Eventually I gave up the electronics industry and returned to the world of wood and much happier and content I am.
Anyway my point is machining, tool making, making parts for old vehicles and engines is how I got into this hobby. I admire the skill in building a loco etc. but its not my thing. Neither is it my thing to just get to the result having the made piece done as quickly as possible to advance the main project be it car, engine or whatever. For me it’s about learning the skill to actually make the piece by hand, although it be on a lathe, I still consider it hand made as opposed to pressing a lot of keys and letting the computer actually make the item for me. For me there is no interest in computer controlled this or that or 3D printing of whatever. I know its is the interest of some here and good luck to you, too each there own but how long before AI starts writing the programmes, you just give a general outline of what you what produced or select it from a menu, load the machine, press a key and soon you have your neeeed item.

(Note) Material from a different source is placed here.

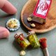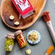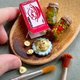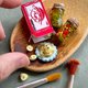 一套用于烹饪美味佳肴的迷你套装、一包馄饨和一盘馄饨,还有几罐罐装蔬菜。此套装与照片一样亮,亮度从 1 到 12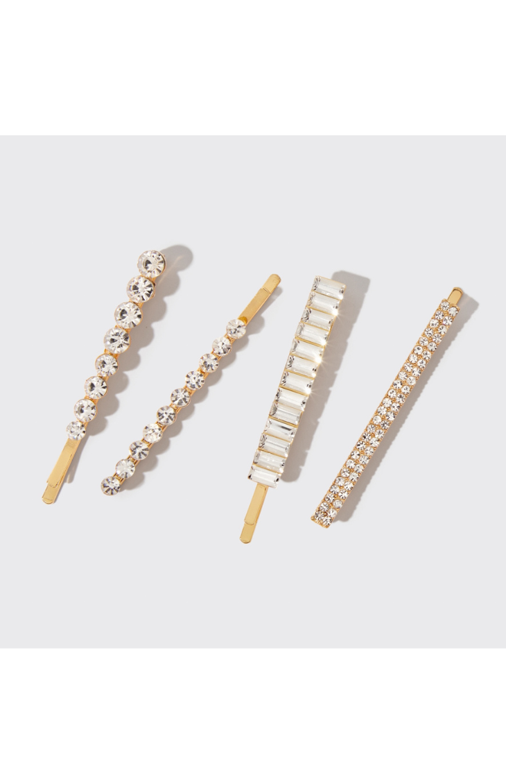 -Accent your hairstyle with dressed-up gem pins featuring a touch of gold to elevate every look

Yes, you have the item but where is the satisfaction, the newly learned skilled, that one moment when you suddenly discover a better way to produce a better result that had gone undiscovered by yourself for decades. This is what “some” of the younger generation lack. They only want the end result as quickly and often as cheaply possible. The modern societal goals of greed and the instant gratification have stripped the younger generations of the pleasure of the making, the journey of creation is lost to them.
Building a loco or whatever should not be about the end result or getting there as fast as you can it should be about the enjoyment of the journey. If you crave the finished item to play with great, go buy one already done or play with someone elses but when you’re bored playing with the finished article go back to the shed and enjoying your own journey.
A shed filled with project in progress is a shed filled with much acquired knowledge and many happy creative hours spent.
My grammar school had two streams, classical (Latin) or scientific (Chemistry, Physics, Biology, Woodwork, but no Metalwork) with, I suspect the former being preferred.
The Technical Colleges taught metalwork, with a view to producing the future toolsetters and shopfloor engineers.
The old Victorian distinction between “Gentry” and “Trade”
Early on I decided to be an Engineer (Had helped father maintaining the family car and my bike, from an early age) Rather than university chose an Apprenticeship. Have been fortunate to have spent nearly all of my life doing what I enjoy and getting paid for it. Found something else when the pleasure faded.
Our late son went into marketing but considered it rather “Useful, you being able to do this” when I was fixing my wife’s car, for the next day.
S I L is into woodwork, and grandsons lack the space (and finance) for any sort of workshop, but enjoyed a bit of lathework. S I L has been pleased when something of his has been fixed/ improved at short notice. So there is yet hope.
For one off jobs (Specials or emergency repairs) and hobbyists, there will probably be a space for handle twirlers, but various forms of technology have, and will, overtake traditional methods.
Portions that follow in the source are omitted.